Bar-code technology allows a business to instantly track all materials received, stored and shipped. A quick scan with a laser reading device details all the information for a specific item. A product as small as a single pencil to something as large as industrial machinery, locomotives, airplanes or seagoing ships can be bar-coded and tracked with a quick scan.
Bar-code inventory control can be as automated or manually operated as necessary. Grocery stores keep accurate counts of thousands of canned goods, produce and other items as each item is manually scanned at the check-out register. Distributorships and wholesales have bar-code scanners attached to mechanized handling equipment. All items on the conveyers and transport carts are scanned, registered and maintained automatically with digital accuracy.
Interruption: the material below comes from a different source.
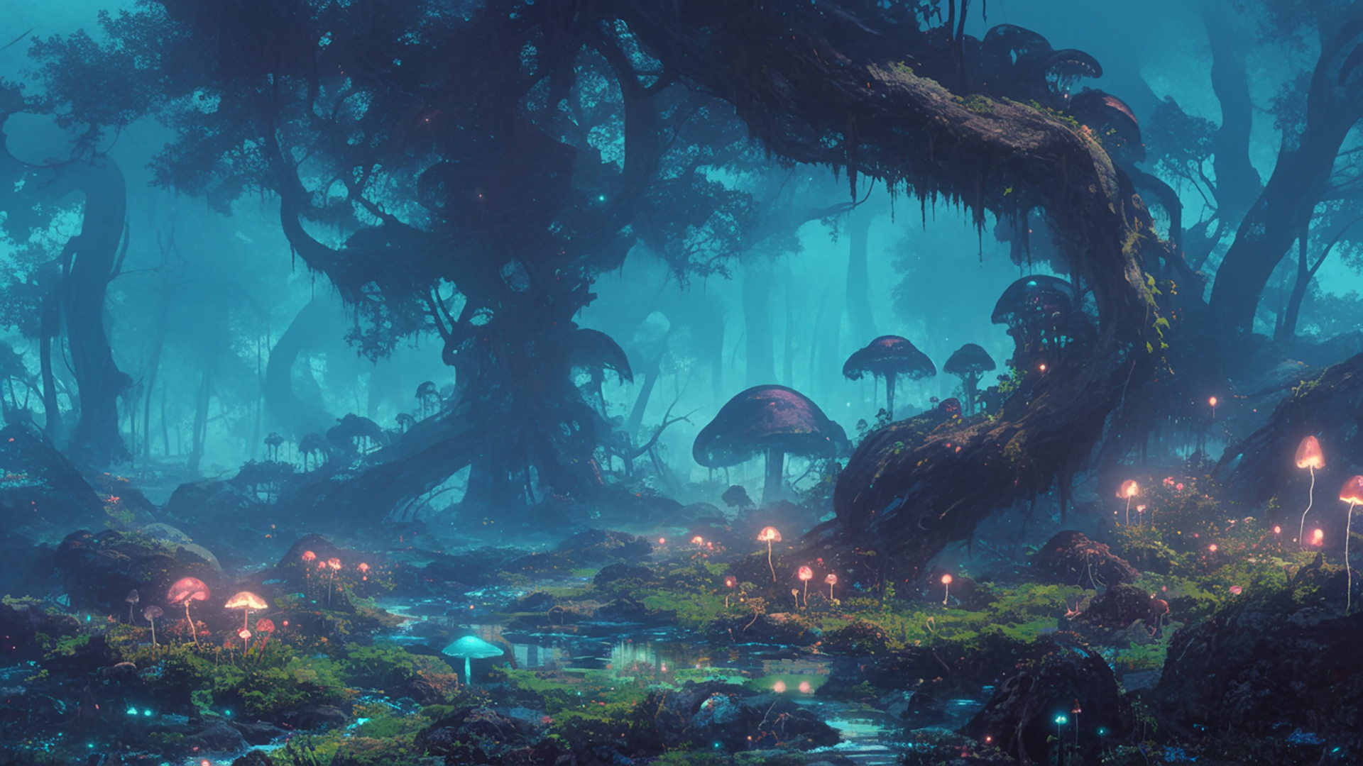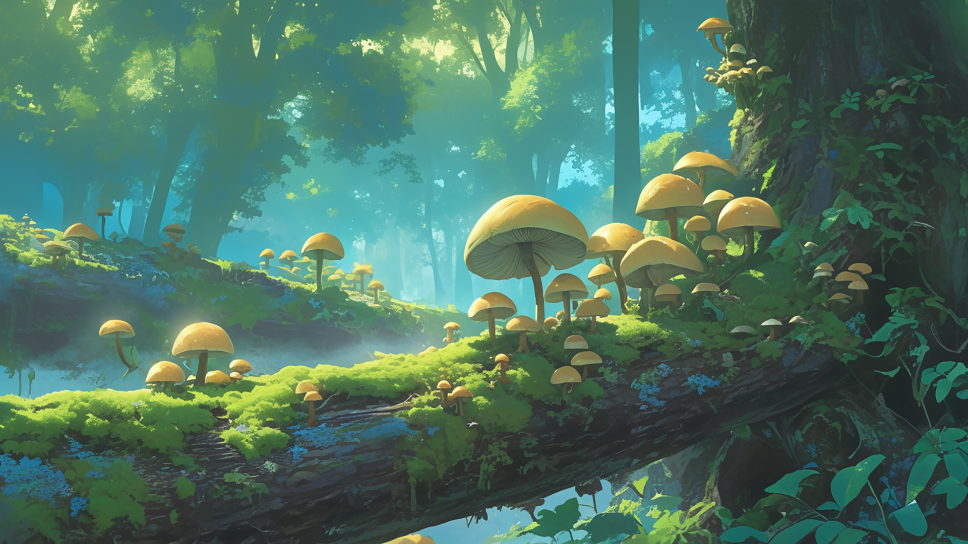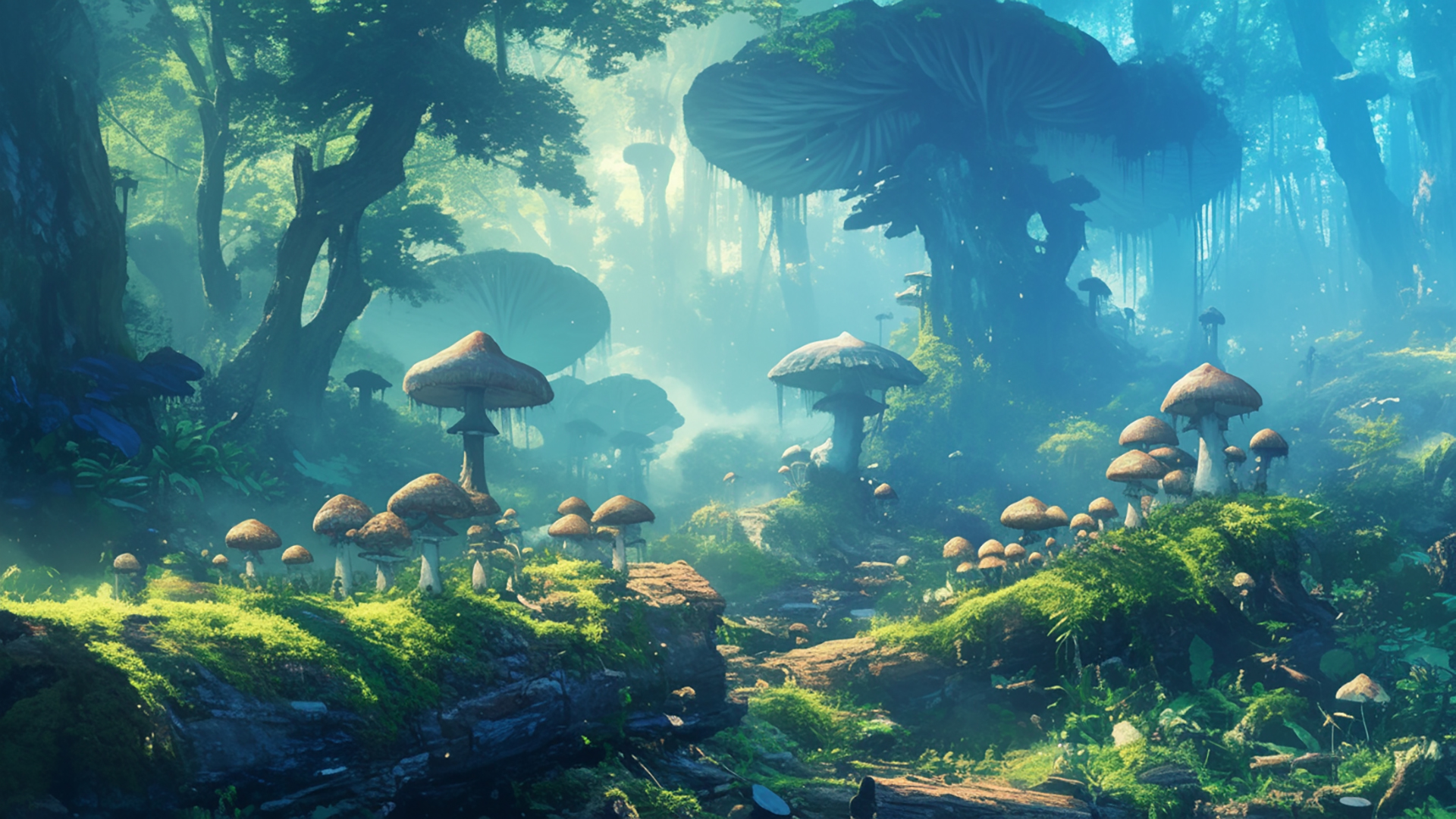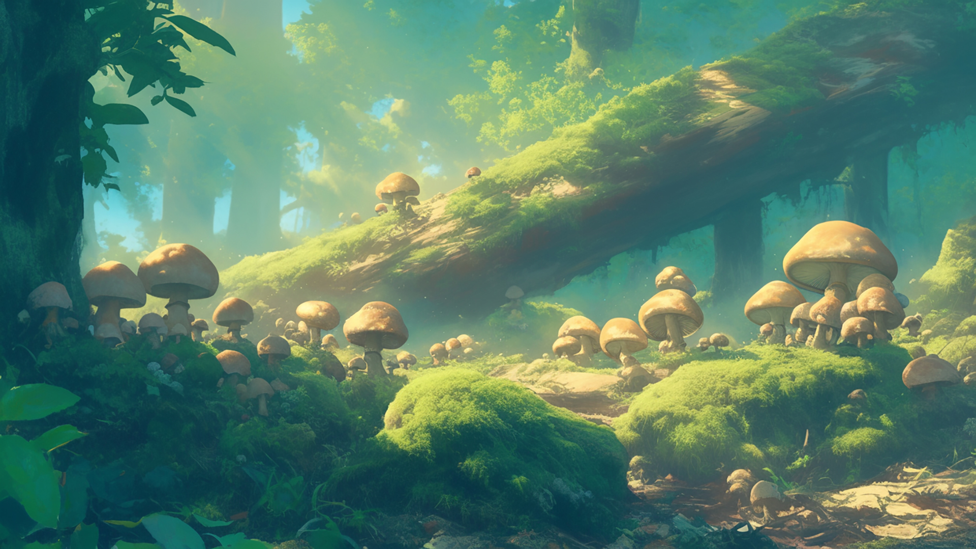 湿ったキノコの森

An SKU or stock-keeping unit is attached to items in stock and any other billable item the business may make available. SKU numbers allow for both tracking the inventory and any attached labor, shipping and associated charges with the product’s sale.
SKUs also allow for quick inventory of units containing multiple products with individual bar codes, such as a crate of 100 cans of soup at a grocery store. Each can has a bar code, but accessing the SKU can determine an inventory of 100 cans without calculating each individual item. SKU numbers are usually used with wholesalers and distributors dealing in large quantities of products.
Although technology aids in maintaining accurate inventory records, a manual inventory is occasionally still required. This involves counting, sorting, identifying and locating materials on the shelf, in the warehouse and in transit.
The reason for manual inventories is determining the amount of theft the business has suffered, accounting for damaged goods and ensuring all bar-code and SKU tracking efforts are accurate. If an item is stolen, it is scanned in but not scanned out. This can lead to an error in the inventory count. Damaged material may be discarded without accurately noting the inventory adjustment. Bar-code scanners may inadvertently fail to pick up a bar code when scanning through human error or hardware problems.